Muskie fishing opens in Minnesota this weekend, but excitement for the season’s first days isn’t what it once was. That’s because the state’s lakes and rivers hold fewer muskies than they did a decade and more ago.
In fact, muskies — one of the world’s most exciting sport fish — are at a crossroads in Minnesota.
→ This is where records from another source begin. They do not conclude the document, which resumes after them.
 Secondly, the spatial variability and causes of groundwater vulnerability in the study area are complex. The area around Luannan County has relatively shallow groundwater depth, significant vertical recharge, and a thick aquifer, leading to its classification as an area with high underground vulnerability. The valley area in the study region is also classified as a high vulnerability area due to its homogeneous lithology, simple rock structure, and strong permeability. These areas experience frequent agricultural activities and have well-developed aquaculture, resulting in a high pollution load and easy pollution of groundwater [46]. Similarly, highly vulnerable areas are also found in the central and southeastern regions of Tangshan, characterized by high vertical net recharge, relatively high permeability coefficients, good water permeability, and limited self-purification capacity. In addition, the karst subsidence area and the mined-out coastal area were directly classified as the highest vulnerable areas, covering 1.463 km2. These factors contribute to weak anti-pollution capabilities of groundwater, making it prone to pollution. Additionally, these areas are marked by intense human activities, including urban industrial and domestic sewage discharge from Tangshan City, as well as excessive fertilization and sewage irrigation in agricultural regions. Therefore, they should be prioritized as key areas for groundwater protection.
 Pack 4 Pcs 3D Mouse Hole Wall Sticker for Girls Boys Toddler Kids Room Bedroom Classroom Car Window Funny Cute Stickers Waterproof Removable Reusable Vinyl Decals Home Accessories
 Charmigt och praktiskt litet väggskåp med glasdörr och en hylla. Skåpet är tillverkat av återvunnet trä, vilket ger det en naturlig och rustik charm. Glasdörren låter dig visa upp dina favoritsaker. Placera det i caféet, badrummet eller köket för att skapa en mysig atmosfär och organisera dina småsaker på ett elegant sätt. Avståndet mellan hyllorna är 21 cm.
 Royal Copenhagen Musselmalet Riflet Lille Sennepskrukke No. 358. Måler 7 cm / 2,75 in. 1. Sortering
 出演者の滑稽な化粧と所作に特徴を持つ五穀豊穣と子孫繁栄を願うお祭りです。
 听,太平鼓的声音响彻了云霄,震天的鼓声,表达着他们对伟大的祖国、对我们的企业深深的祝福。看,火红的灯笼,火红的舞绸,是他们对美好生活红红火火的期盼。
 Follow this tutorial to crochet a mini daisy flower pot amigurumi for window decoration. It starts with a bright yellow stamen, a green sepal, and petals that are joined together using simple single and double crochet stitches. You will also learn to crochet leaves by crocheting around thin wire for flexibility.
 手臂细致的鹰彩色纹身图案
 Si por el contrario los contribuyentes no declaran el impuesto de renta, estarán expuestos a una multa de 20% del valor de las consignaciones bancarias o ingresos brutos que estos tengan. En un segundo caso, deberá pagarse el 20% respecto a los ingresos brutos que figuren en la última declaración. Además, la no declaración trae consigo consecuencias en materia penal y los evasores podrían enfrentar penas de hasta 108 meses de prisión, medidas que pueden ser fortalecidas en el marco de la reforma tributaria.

Perhaps in response, the Department of Natural Resources has announced development of a new muskie management plan, which likely won’t be completed until next year. (I’ll focus on the agency’s perspective in an upcoming column.)
Whether the plan boosts muskie numbers in the approximately 100 Minnesota lakes and rivers that hold them (about half due to stocking) remains to be seen.
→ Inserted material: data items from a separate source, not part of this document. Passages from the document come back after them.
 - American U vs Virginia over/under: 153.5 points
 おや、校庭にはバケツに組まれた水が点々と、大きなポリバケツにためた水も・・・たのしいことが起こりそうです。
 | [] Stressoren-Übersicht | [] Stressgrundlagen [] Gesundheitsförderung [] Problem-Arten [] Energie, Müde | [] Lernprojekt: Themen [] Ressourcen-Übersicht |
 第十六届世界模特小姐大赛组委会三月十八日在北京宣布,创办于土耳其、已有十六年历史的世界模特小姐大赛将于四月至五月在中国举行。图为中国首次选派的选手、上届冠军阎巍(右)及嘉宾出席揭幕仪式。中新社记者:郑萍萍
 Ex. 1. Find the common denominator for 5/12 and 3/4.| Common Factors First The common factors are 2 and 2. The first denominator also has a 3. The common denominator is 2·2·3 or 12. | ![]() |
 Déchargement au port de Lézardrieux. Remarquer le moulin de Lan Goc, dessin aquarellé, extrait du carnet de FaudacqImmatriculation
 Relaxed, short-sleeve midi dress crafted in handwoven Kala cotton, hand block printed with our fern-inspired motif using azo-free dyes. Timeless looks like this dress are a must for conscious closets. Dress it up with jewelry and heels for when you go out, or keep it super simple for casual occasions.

Below are snapshot interviews with three muskie-fishing experts — Bob Turgeon, 64, of the Twin Cities; Josh Stevenson, 48, a guide and owner of Blue Ribbon Bait in Oakdale; and muskie guide Josh Borovsky, 51, who fishes metro and northern lakes.
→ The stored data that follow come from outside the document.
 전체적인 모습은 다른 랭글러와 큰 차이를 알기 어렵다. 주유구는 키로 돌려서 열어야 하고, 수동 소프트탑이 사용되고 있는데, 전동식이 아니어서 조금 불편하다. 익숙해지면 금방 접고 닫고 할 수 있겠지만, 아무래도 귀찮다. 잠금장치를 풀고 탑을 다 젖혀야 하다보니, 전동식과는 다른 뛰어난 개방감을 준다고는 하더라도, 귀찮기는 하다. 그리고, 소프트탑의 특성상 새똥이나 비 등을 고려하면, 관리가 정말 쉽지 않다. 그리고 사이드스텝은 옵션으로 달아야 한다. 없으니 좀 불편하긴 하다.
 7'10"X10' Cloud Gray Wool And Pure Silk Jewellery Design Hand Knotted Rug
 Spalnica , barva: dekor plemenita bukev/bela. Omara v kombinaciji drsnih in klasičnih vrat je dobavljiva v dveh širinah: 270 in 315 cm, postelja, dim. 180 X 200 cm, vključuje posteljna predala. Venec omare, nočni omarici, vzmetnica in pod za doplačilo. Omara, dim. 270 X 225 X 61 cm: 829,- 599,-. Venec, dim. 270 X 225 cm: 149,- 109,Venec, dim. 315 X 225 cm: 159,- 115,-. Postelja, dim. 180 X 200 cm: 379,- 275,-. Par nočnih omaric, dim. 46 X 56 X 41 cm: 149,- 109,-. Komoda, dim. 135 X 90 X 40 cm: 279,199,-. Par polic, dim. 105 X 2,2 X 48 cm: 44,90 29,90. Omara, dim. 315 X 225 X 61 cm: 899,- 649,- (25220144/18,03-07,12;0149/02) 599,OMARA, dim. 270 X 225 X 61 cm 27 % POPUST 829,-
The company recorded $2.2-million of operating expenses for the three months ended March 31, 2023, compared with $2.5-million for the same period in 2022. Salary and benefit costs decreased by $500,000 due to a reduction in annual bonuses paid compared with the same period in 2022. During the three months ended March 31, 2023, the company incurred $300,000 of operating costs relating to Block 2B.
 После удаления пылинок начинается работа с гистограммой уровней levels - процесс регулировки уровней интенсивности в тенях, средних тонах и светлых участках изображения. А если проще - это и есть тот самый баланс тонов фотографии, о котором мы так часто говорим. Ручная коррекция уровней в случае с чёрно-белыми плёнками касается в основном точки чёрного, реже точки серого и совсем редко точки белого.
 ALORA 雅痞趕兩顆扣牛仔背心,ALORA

The status of Minnesota muskies
Stevenson: It’s poor to below average and needs help. But the DNR appears to be doing very little to return muskies to their former populations. My understanding is that membership in Muskies Inc. is down as a result of declining interest. A guy who comes into my shop fishes aggressively and he caught only four muskies all last year in White Bear Lake.
Turgeon: The hours you put in vs. the reward is way down. A big issue is that stocking has not kept up with fishing pressure. Muskies took off when they were first stocked. But they’ve since settled back, in part I think due to too little stocking of larger muskies.
Borovsky: Muskies have taken a huge decline from where they were. Mille Lacs is the most obvious example of the DNR letting a fishery go downhill. Muskie stocking in Mille Lacs was stopped for four years in the early 2000s. Since then, they’ve stocked only 3,000 fish every other year. When Mille Lacs went downhill, its large army of muskie anglers dispersed, quadrupling pressure on many other lakes.
Is the DNR bowing to pressure from muskie opponents?
Turgeon: Whenever muskie stocking is proposed, opposition seems to spring up. Endless studies have determined what muskies eat, and it’s not walleyes. But opponents keep saying the same thing, that muskies eat walleyes. In fact, some of the state’s best walleye lakes are good muskie lakes.